When we speak of a food chain or food chain, we refer to the transfer of food energy. The chain is made up of a first trophic level, which are the producers, followed by the different types of consumers and the last level ends with the decomposers.

In this interesting AgroCorrn article, information on a single trophic level, that of consumers, will be shown, especially primary consumers will be discussed in detail and will show some examples of trophic chains and their position. Read on and know what primary consumers are and examples of these.

You may also be interested in: Tertiary consumers: what they are and examples
  1. What are primary consumers
  2. Examples of primary consumers
  3. If half of the primary consumers disappeared, what would happen?
  4. Other consuming organisms

What are primary consumers

The set of primary consumers is made up of herbivorous species , that is, heterotrophic animals that feed on organic matter for energy. This organic matter is made by the producers, who are autotrophic organisms, such as photosynthetic plants, photosynthetic bacteria or chemosynthesizing bacteria. The producers within the food chain are the first link or the base and the primary consumer organisms would be the second link in the chain and, in turn, the first link within the group of consumers.
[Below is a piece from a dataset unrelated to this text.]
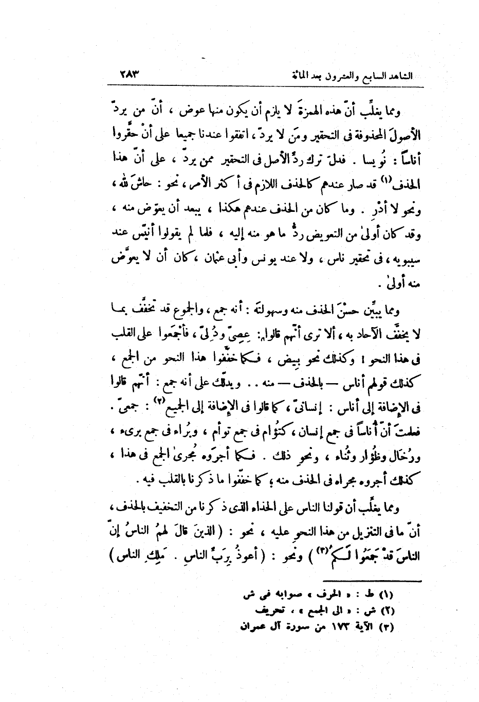 مِمَّن يرد على أَن هَذَا الْحَذف قد صَار عِنْدهم كالحذف اللَّازِم فِي أَكثر الْأَمر نَحْو: حاش لله وَنَحْو لَا أدر. وَمَا كَانَ من الْحَذف عِنْدهم هَكَذَا يبعد أَن يعوض مِنْهُ وَقد كَانَ أولى من التعويض رد مَا هُوَ مِنْهُ إِلَيْهِ فَلَمَّا لم يَقُولُوا أنيس عِنْد سِيبَوَيْهٍ فِي تحقير نَاس وَلَا عِنْد يُونُس وَأبي عُثْمَان كَانَ أَن لَا يعوض مِنْهُ أولى.

We recommend that to better understand these concepts, also consult these other AgroCorrn articles on the Difference between autotrophic and heterotrophic organisms with examples and Heterotrophic organisms: what they are, characteristics and examples .

Examples of primary consumers

Can you tell which are the primary consumers within a food chain? Here are some examples of food chains with some of them.

  • Some caterpillars feed on plants, and these same caterpillars will serve as food for some smaller bird species. Small birds are preyed upon by larger birds such as the hawk or eagle, and when they die they will be decomposed by fungi and bacteria.
  • The rabbits are herbivorous animals that feed on grass and plants, and these are eaten by foxes and other carnivorous species of medium size. When they die, they become food for some scavengers, such as buzzards.
  • The snails are primary consumers that feed on leaves and plants are food and mice, these secondary consumers that end up food snakes, which in this example of trophic chain tertiary consumers would remain. Thus, if, for example, you wonder if the mouse is a primary or secondary consumer, keep in mind that it is classified as a secondary consumer because it is an omnivorous animal.
  • Some insects, such as the lobster , as primary consumers feed on leaves, and these insects will be food for insectivorous toads and toads for snakes. Snakes can be consumed by some species of mammals such as badgers, foxes, coyotes, among others.
  • The sheep eat grass, these dams puma, jaguars and wolves, secondary consumers, as they die just decomposing by the action of bacteria and fungi.
  • The butterflies , primary consumers feed on nectar from flowers and are consumed by insects like the praying mantis, which in turn is food of bats that end up being preyed upon by snakes.
  • Different varieties of herbs are food for zebras , which are primary consumers, and are preyed upon by lions or crocodiles.

There are also primary marine consumers and these are some of the trophic chains in which we can find them.

  • Phytoplankton , a producer that we find in the sea, is food for small malacostraceous crustaceans, these are eaten by smaller fish, which will be preyed upon by larger ones such as sardines, and sardines preyed upon by barracuda. When they die they are decomposed by scavengers like other decomposing crustaceans.
  • The marine phytoplankton is consumed by zooplankton and this by species such as mussels, which will serve as food for the crabs and in turn these will be eaten by the seagulls.
  • Marine phytoplankton serves as food for zooplankton, which is food for small fish and these are consumed by penguins preyed on by toothed whales.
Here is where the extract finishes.